Teresa de Lauretis, “Calvino and the Amazons”; Lucia Re, “Calvino and the Value of Literature”

De Lauretis, who wrote extensively and admiringly about Calvino, reads If On a Winter’s Night a Traveler through multiple critical lenses. Although her essay is not particularly long, we can find in it evidence of Postmodern theory (Hal Foster and Ihab Hassan, who incidentally was my own mentor), Psychoanalytic criticism (Sigmund Freud and Jacques Lacan), Deconstruction (Jacques Derrida), Feminist criticism, and even some early Queer Theory. I recognize that you probably have little to no experience with these modes of critical thought, so here is an opportunity to follow the procedure I have suggested: reading with and reading against. Find two passages in the essay, one that you find illuminating or intriguing or persuasive and one that you resist and to which you want to raise an objection, and write in response to both.

Re’s essay serves both as a history of Calvino’s thought over the decades (including his conflicts with other Italian intellectuals) and his enduring and profound concern with literature’s place in the contemporary world. Ultimately, we see Calvino attempting to defend the belief that literature not only has value, but that that value — or at least capacity for value — is unique to literature. I presume all of you are readers, that you find literature (broadly defined) as worth your time, money, and mental effort. Yet surely you know people — perhaps friends, perhaps family, certainly peers — who do not share that opinion. How persuasive do you find Calvino’s claims for literature’s value? Do any seem unconvincing to you? Can you think of any argument for it that Calvino does not make?

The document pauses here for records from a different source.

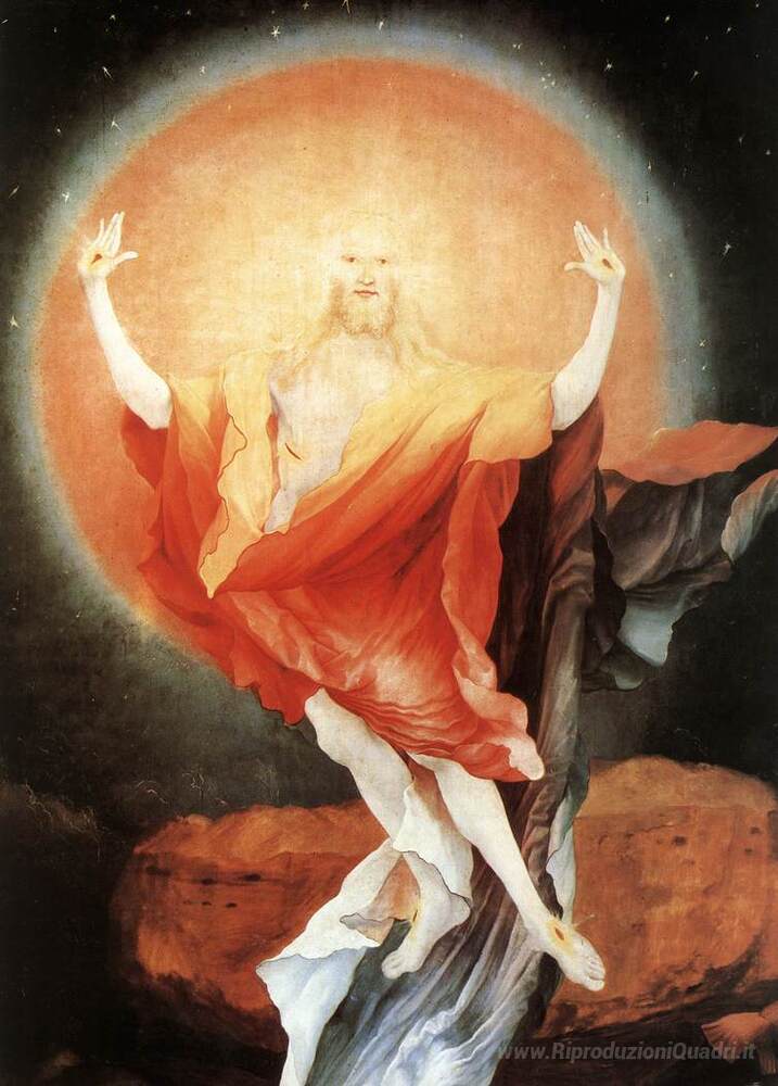 Ti offriamo una riproduzione artigianale su tela dell'opera famosa 'La Risurrezione di Cristo (particolare dall'ala destra della Pal' di Matthias Grünewald, dal Museo delle Riproduzioni.
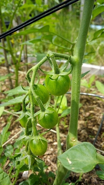 You've already seen this picture of our farthest along grape tomatoes. Today I noticed our first Big Beef tomato as well, but I couldn't get a good picture of it. I've been pruning the tomatoes this year again, taking the suckers off as they form to hopefully direct more energy to the main plant and fruit production, but I missed a couple of suckers that are huge now, and I don't want to take those off, so I guess they get to stay and contribute to the tomato jungle.
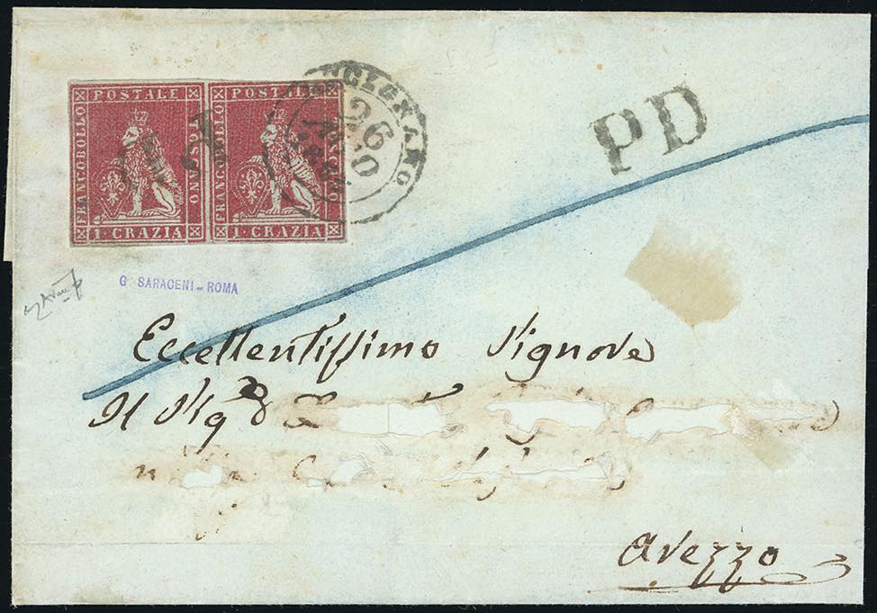 LUCIGNANO, doppio cerchio piccolo + PD coannullatori punti 10 - 1 crazia (4d), coppia, margini giusti, su sovracoperta di lettera, indirizzo in parte asportato, del 26/8/1853 ad Arezzo. Combinazione di annulli ad oggi inedita! Cert. Avanzo.
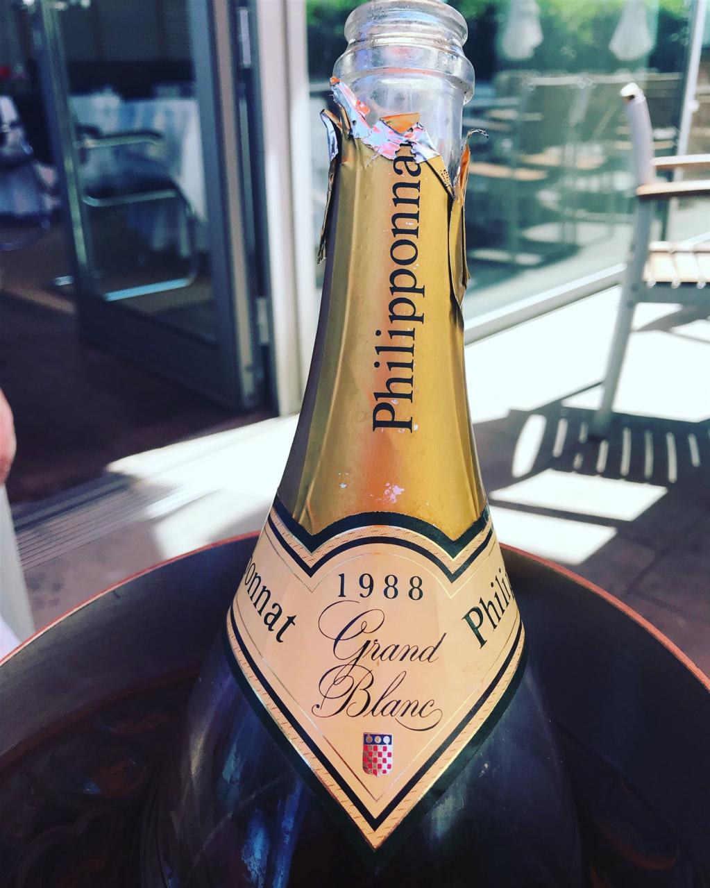 Perfekter, erfrischender und animierender Start aus diesem großen Champagnerjahrgang der 1988 Philipponnat Grand Blanc aus der Magnum. Die 30 Jahre haben diesem großen Jahrgangschampagner gut getan, der gut gereift, aber ohne Alterstöne mit goldgelber Farbe und sehr gutem Mousseux ins große(!) Glas kam. Dort legte er mit etwas Zeit und Luft ungemein zu. So spannend, kräftig und voller Leben, wurde immer nussiger mit frischem Brioche und dicker Brotkruste, sehr lang und komplex am Gaumen – WT96. Sehr elegant mit cremiger Textur und feiner Zitrusfrucht der gut (an)gereifte 2012 Siefersheimer Heerkretz GG von Wagner-Stempel – WT93. Auf manche Weine muss man einfach warten, so z.B. auf die großen Reserves aus der Wachau und den umliegenden Appelationen, die in ihrer Jugend einfach zu süß und zu plump sind. Mit würziger, cremiger, pfeffriger Fülle und feinem Schmelz fing der 2006 Grüner Veltliner Rosenberg Reserve von Ott jetzt aus der Magnum an, so richtig Spaß zu machen. Dürfte noch eine lange Zukunft haben – WT95. Als absolute Risikoflasche kam dann ein 1978 Dole du Valais, ein Rathauswein der St. Georgskellerei Sursee, aus der Magnum ins Glas. Der war noch erstaunlich trinkbar mit rotbeeriger Frucht und feiner Süße – WT88. Enormes Potential zeigte der kräftige, immer noch jugendliche 2001 Romanés St. Vivant von Charles de Vallière, der es verdient gehabt hätte, dekantiert zu werden. Aber bei 37 Grad war uns das zu aufwendig, denn die Magnum passte so prima in den Eiskübel. Schade, denn das letzte Drittel der Flasche zeigte mit wunderschöner, feiner Frucht deutlich mehr Eleganz und Finesse – WT94. Den vorläufigen Abschluss bildete (es kamen immer wieder noch irgendwelche 1tel auf den Tisch, meist jung und frisch) ein immer noch so junger, druckvoller burgundischer Traum mit Pracht und Fülle, aber auch mit tänzerischer, seidiger Eleganz der 2004 Gantenbein Pinot Noir so perfekt balanciert und stimmig – WT96.

I have called the Marco Polo and Kublai Khan sections of Invisible Cities a framing narrative, pointed out the A1, A2 B1, A3 B2 C1 (and so on) structure as important, and said that Marco Polo represents Calvino (the author) and the Khan represents us (the reader). However, Breiner challenges these all of these assertions, arguing that this frame is not really a frame, the structure is more or less of a red herring, and that Polo also is a type of reader. How does his essay alter your understanding of the book? Where, if anywhere, do you find his argument less than convincing?

Sorapure suggests that one of the central themes of If on a Winter’s Night a Traveler is misreading, and that the main character represents traditional modes of literary analysis. Consider the book from that perspective, and how Calvino’s emphasis on multiplicity — which Sorapure notes, even though Six Memos for the Nest Millennium had not been published at the time she wrote this essay — defeats that traditionally hermeneutic approach to interpretation.